### Task brief
Of the entries below, return exactly those lines that fall between the one containing "大会由党委副书记杨之毛主持。" and the one containing "Blazer doppiopetto gessato", the two end lines included.

### Extracted entries
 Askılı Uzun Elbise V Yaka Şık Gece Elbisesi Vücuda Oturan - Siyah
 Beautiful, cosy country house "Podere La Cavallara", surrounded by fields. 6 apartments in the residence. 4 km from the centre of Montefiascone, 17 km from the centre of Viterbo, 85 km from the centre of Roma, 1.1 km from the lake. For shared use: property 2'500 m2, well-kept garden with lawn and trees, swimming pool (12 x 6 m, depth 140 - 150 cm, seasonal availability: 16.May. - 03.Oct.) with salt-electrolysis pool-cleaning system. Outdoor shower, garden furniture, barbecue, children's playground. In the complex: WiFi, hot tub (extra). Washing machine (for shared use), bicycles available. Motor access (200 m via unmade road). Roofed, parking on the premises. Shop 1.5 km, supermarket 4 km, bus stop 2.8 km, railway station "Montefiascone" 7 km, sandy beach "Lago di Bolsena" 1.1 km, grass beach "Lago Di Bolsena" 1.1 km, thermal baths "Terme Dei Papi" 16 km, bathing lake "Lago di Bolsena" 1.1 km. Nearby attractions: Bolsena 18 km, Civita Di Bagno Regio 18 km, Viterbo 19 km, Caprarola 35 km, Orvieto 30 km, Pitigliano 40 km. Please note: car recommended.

* * *

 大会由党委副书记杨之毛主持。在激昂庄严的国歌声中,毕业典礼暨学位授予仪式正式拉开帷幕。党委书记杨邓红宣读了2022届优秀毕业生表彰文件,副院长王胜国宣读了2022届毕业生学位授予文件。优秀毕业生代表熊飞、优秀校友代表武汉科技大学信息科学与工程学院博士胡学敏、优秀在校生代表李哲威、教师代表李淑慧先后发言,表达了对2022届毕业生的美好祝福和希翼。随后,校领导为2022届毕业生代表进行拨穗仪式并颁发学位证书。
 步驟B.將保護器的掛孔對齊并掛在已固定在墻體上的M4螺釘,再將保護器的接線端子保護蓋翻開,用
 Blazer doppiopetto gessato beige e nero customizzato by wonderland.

...

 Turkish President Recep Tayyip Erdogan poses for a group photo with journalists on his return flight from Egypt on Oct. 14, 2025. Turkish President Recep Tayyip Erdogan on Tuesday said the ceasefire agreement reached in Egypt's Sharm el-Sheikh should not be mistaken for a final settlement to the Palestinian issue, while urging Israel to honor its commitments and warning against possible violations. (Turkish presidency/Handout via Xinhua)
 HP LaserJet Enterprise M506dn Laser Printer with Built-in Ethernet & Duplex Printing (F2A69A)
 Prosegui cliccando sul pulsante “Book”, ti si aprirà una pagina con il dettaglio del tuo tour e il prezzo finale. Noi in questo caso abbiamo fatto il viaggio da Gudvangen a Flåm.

### Response to this exercise
 大会由党委副书记杨之毛主持。在激昂庄严的国歌声中,毕业典礼暨学位授予仪式正式拉开帷幕。党委书记杨邓红宣读了2022届优秀毕业生表彰文件,副院长王胜国宣读了2022届毕业生学位授予文件。优秀毕业生代表熊飞、优秀校友代表武汉科技大学信息科学与工程学院博士胡学敏、优秀在校生代表李哲威、教师代表李淑慧先后发言,表达了对2022届毕业生的美好祝福和希翼。随后,校领导为2022届毕业生代表进行拨穗仪式并颁发学位证书。
 步驟B.將保護器的掛孔對齊并掛在已固定在墻體上的M4螺釘,再將保護器的接線端子保護蓋翻開,用
 Blazer doppiopetto gessato beige e nero customizzato by wonderland.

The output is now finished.